Breaking changes and deprecations

  • as_polars() is now removed. It was deprecated in 0.6.0. Use as_polars_df() or as_polars_lf() instead.

  • to_r() is now removed. It was deprecated in 0.6.0. Use as.data.frame() or as_tibble() instead.

  • For consistency with dplyr, the behavior of collect() will change in 0.8.0 as it will perform the lazy query and convert the result to a standard data.frame. For now, collect() only throws a warning about this future change. It is recommended to use compute() to only perform the query and get a Polars DataFrame as output (#101).

New features

  • Several improvements and changes for pivot_wider() (#95):

    • names_from can now takes several variables;
    • add support for id_cols and names_glue;
    • default value of names_sep now is _, for consistency with tidyr;
    • fix documentation as pivot_wider() doesn’t work on LazyFrame.
  • Add support for stringr::regex(). Note that only the argument ignore_case is supported for now (#97).

  • Add support for several lubridate functions: dweeks(), ddays(), dhours(), dminutes(), dseconds(), dmilliseconds(), make_date() (#107).

  • When a polars function called internally fails, the original error message is now displayed.

  • Add support for group_split() (for DataFrame only).

  • Add support for argument relationship in left_join(), right_join(), full_join() and inner_join() (#106).

tidypolars 0.6.0

tidypolars requires polars >= 0.15.0.

Breaking changes and deprecations

  • as_polars() is deprecated and will be removed in 0.7.0. Use as_polars_lf() or as_polars_df() instead.

  • as_polars() doesn’t have an argument with_string_cache anymore.

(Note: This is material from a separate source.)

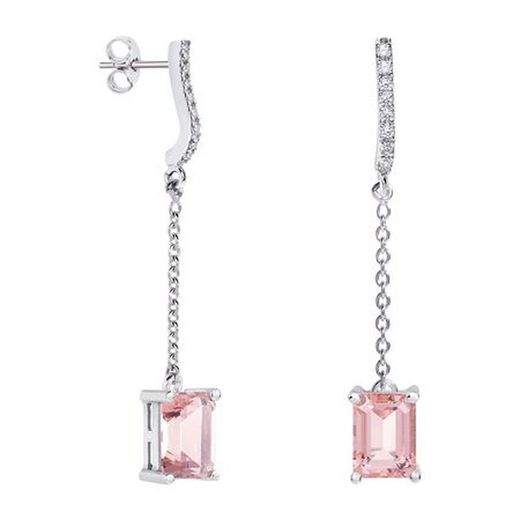 Arracades Or Blanc 18kts Rectangle Argyor MRM 8x6mm (18)79B0507TB3 Topais Rosa. Arracades fabricades en or blanc 18kts 750/000 (18K). Pes 3,34gr. Capçals amb forma de barreta amb 10 topacis blancs, total 20 topacis de 1,10mm. Tancament pressió. Disseny central de cada pendent amb cadena de 1,9cm. Acabats amb dos Topacis en talla maragda 8x6mm de color rosa. Certificat d'autenticitat i garantia de qualitat als materials de fabricació. Ref (18)79B0507TB3
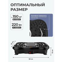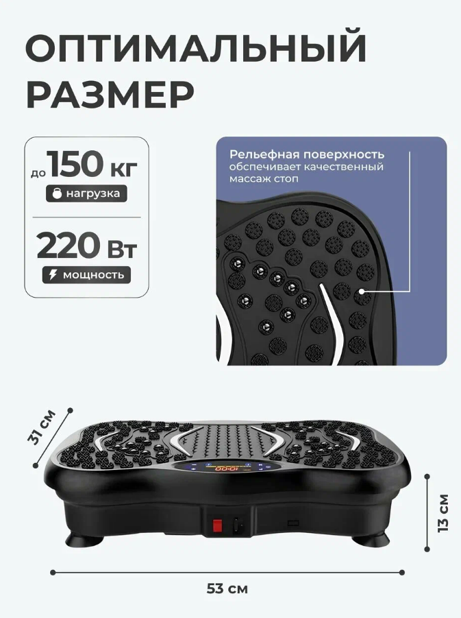 | Особенности | дисплей, компенсатор неровностей пола, массажные ремни, подогрев, программы тренировок, пульт ДУ, регулировка амплитуды колебаний, регулировка частоты вибрации, ручки-держатели, ручное управление, таймер, эспандеры |

When set to TRUE, this enabled the string cache globally, which could lead to undesirable side effects.

  • to_r() is deprecated and will be removed in 0.7.0. Use as.data.frame() or as_tibble() instead. This used to silently return a LazyFrame if the input was LazyFrame. It now automatically collects the LazyFrame (#88).

  • pull() nows automatically collects input LazyFrame (#89).

New features

Bug fixes

  • pull() now errors when var is of length > 1.

tidypolars 0.5.0

tidypolars requires polars >= 0.12.0.

Breaking changes

  • across() now errors if the argument .cols is not provided (either named or unnamed). This behavior was deprecated in dplyr 1.1.0.

  • It is no longer possible to use ! in arrange() to sort by decreasing order, for compatibility with dplyr::arrange(). Use - or desc() instead.

New features

  • summarize() now works on ungrouped data and returns a 1-row output.

  • It is now possible to use desc(x1) in arrange() to sort in decreasing order of x1 (this is equivalent to -x1).

  • Add support for argument names_prefix in pivot_longer().

  • Add support for arguments names_prefix and names_sep in pivot_wider().

  • Add support for tidyr::uncount().

  • All *_join() functions now work when by is a specification created by dplyr::join_by(). Notice that this is limited to equality joins for now.

  • You can now use the “embrace” operator {{ }} to pass unquoted column names (among other things) as arguments of custom functions. See the “Programming with dplyr” vignette for some examples.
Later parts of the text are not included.